──────── Raw data ────────

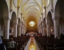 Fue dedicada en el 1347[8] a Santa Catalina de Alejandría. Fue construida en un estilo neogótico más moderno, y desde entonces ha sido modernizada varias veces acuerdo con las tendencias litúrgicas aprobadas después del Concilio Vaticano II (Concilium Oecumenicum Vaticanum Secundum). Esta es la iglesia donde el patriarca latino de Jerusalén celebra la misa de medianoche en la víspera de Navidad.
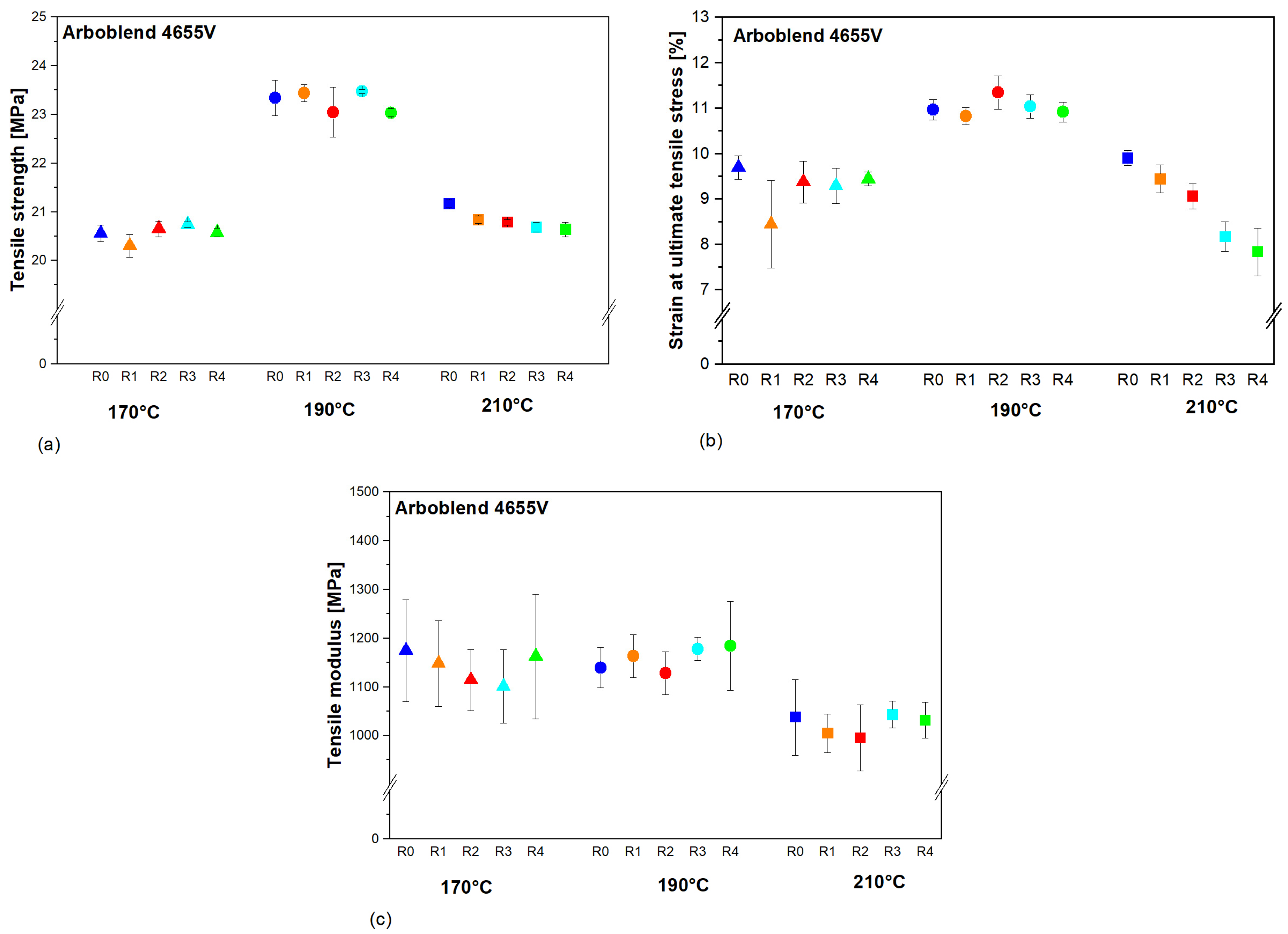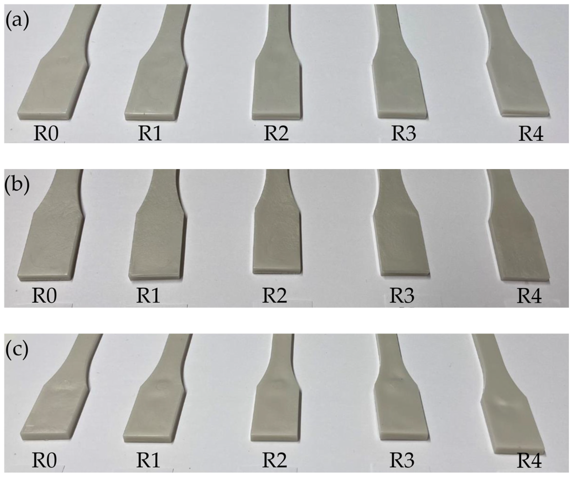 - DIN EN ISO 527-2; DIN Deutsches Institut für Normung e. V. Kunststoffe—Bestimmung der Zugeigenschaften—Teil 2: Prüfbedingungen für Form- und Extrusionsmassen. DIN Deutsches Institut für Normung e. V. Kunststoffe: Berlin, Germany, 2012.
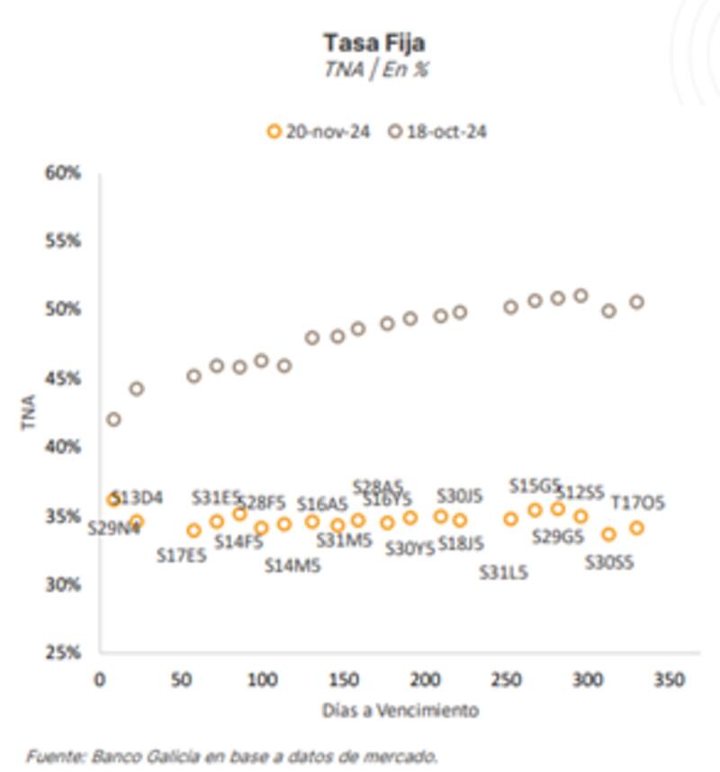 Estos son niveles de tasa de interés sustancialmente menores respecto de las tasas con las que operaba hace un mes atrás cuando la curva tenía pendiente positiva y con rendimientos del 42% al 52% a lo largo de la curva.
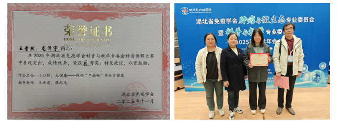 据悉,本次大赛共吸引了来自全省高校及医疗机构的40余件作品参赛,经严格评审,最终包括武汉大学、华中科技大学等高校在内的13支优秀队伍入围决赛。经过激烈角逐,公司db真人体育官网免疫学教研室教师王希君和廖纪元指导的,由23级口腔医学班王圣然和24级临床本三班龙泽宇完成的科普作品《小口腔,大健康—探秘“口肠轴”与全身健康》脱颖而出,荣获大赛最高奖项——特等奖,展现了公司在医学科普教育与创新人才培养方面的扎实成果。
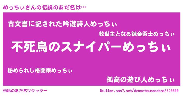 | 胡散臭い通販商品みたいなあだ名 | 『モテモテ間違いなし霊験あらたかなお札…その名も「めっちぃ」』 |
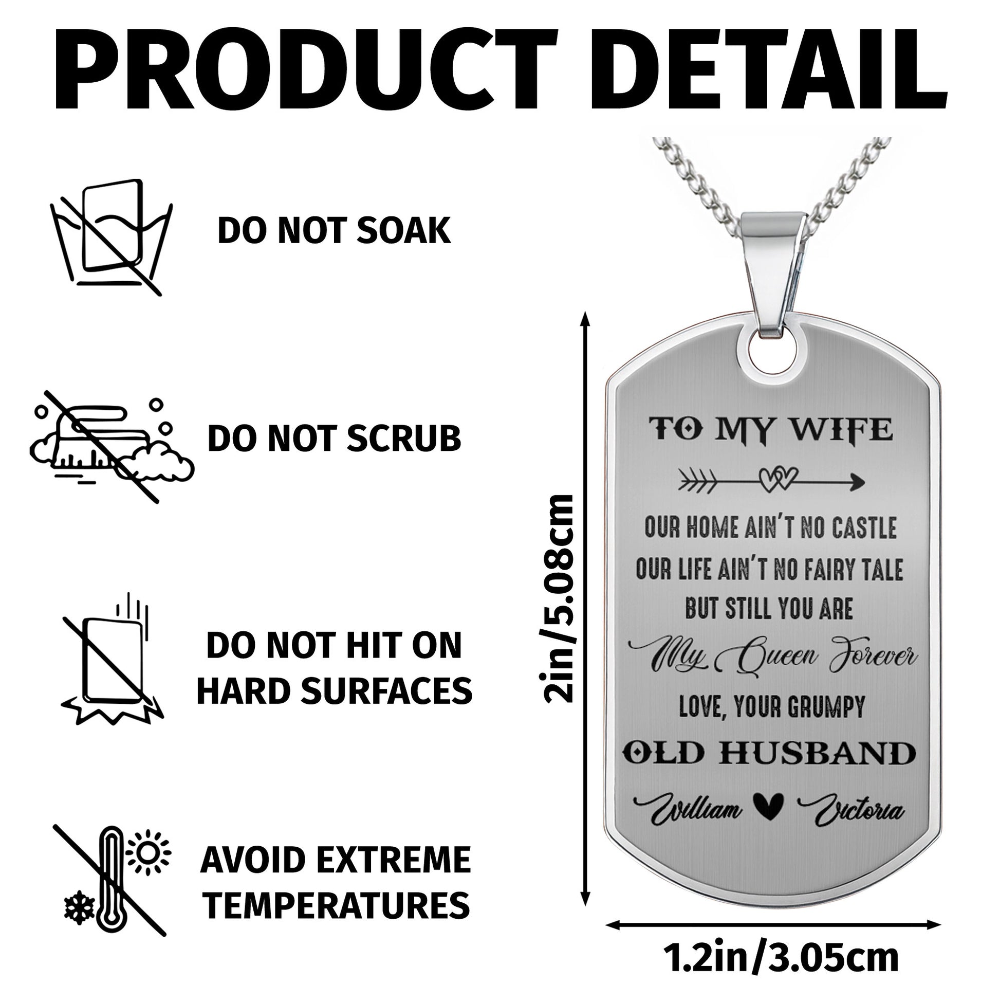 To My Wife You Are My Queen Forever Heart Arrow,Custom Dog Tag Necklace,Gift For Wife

────────

Output nothing except an exact copy of the records above, with the images left out.

 Fue dedicada en el 1347[8] a Santa Catalina de Alejandría. Fue construida en un estilo neogótico más moderno, y desde entonces ha sido modernizada varias veces acuerdo con las tendencias litúrgicas aprobadas después del Concilio Vaticano II (Concilium Oecumenicum Vaticanum Secundum). Esta es la iglesia donde el patriarca latino de Jerusalén celebra la misa de medianoche en la víspera de Navidad.
 - DIN EN ISO 527-2; DIN Deutsches Institut für Normung e. V. Kunststoffe—Bestimmung der Zugeigenschaften—Teil 2: Prüfbedingungen für Form- und Extrusionsmassen. DIN Deutsches Institut für Normung e. V. Kunststoffe: Berlin, Germany, 2012.
 Estos son niveles de tasa de interés sustancialmente menores respecto de las tasas con las que operaba hace un mes atrás cuando la curva tenía pendiente positiva y con rendimientos del 42% al 52% a lo largo de la curva.
 据悉,本次大赛共吸引了来自全省高校及医疗机构的40余件作品参赛,经严格评审,最终包括武汉大学、华中科技大学等高校在内的13支优秀队伍入围决赛。经过激烈角逐,公司db真人体育官网免疫学教研室教师王希君和廖纪元指导的,由23级口腔医学班王圣然和24级临床本三班龙泽宇完成的科普作品《小口腔,大健康—探秘“口肠轴”与全身健康》脱颖而出,荣获大赛最高奖项——特等奖,展现了公司在医学科普教育与创新人才培养方面的扎实成果。
 | 胡散臭い通販商品みたいなあだ名 | 『モテモテ間違いなし霊験あらたかなお札…その名も「めっちぃ」』 |
 To My Wife You Are My Queen Forever Heart Arrow,Custom Dog Tag Necklace,Gift For Wife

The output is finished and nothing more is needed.